In EristroPy, we provide two options for de-trending: a standard linear regression function and a radial basis function Gaussian process (GP). If you need to de-trend a non-stationary signal, we highly recommend using the GP implementation. The GP method provided in make_stationary_signals has the advantage of automatically accommodating nonlinear trends. Our empirical results demonstrate that it significantly increases the proportion of statistically stationary signals. For a more in depth discussion of the mathematical aspects of linear regression and GPs, please refer to the Regression section.

Both methods are implemented in make_stationary_signals and have strong theoretical and empirical bases.
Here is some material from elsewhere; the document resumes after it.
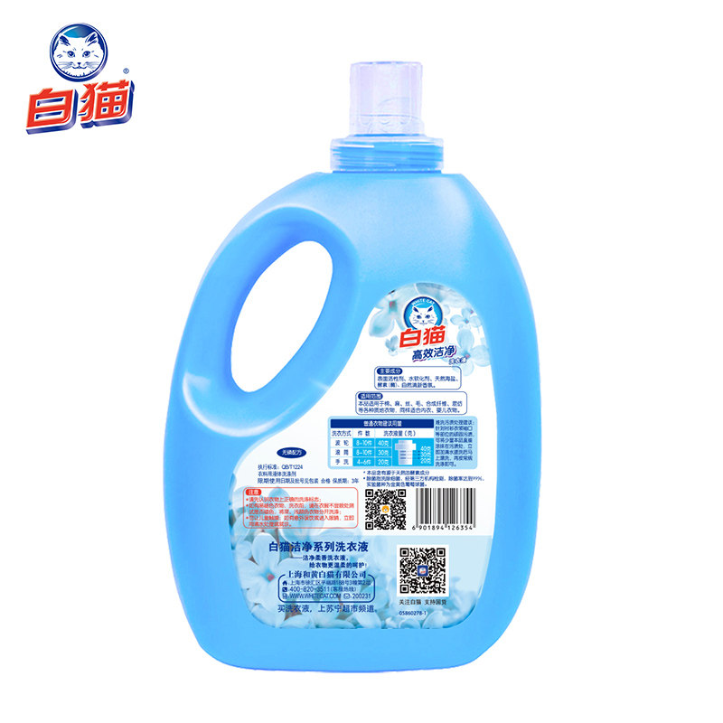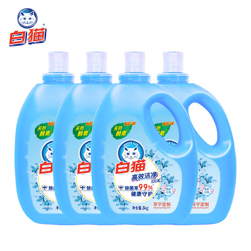 White cat phosphorus-free laundry detergent 3kg*4 bottles (natural enzyme upgrade) easy to rinse hand washing machine to wash bacteria

In practice, we recommend trying both approaches and seeing which method yields a larger proportion of statistically stationary signals.

  1. Richman, Joshua S., and J. Randall Moorman. "Physiological time-series analysis using approximate entropy and sample entropy." American journal of physiology-heart and circulatory physiology 278.6 (2000): H2039-H2049. 

  2. Bandt, Christoph, and Bernd Pompe. "Permutation entropy: a natural complexity measure for time series." Physical review letters 88.17 (2002): 174102. 

  3. Chatain, Cyril, et al. "Effects of nonstationarity on muscle force signals regularity during a fatiguing motor task." IEEE Transactions on Neural Systems and Rehabilitation Engineering 28.1 (2019): 228-237. 

  4. Berry, Nathaniel T., et al. "Heart rate dynamics during acute recovery from maximal aerobic exercise in young adults." Frontiers in Physiology 12 (2021): 627320. 

  5. Gonedes, Nicholas J., and Harry V. Roberts. "Differencing of random walks and near random walks." Journal of Econometrics 6.3 (1977): 289-308. 

  6. Dickey, David A., and Wayne A. Fuller. "Distribution of the estimators for autoregressive time series with a unit root." Journal of the American statistical association 74.366a (1979): 427-431. 

  7. Berry, Nathaniel T., Laurie Wideman, and Christopher K. Rhea. "Variability and complexity of non-stationary functions: methods for post-exercise HRV." Nonlinear Dynamics, Psychology & Life Sciences 24.4 (2020).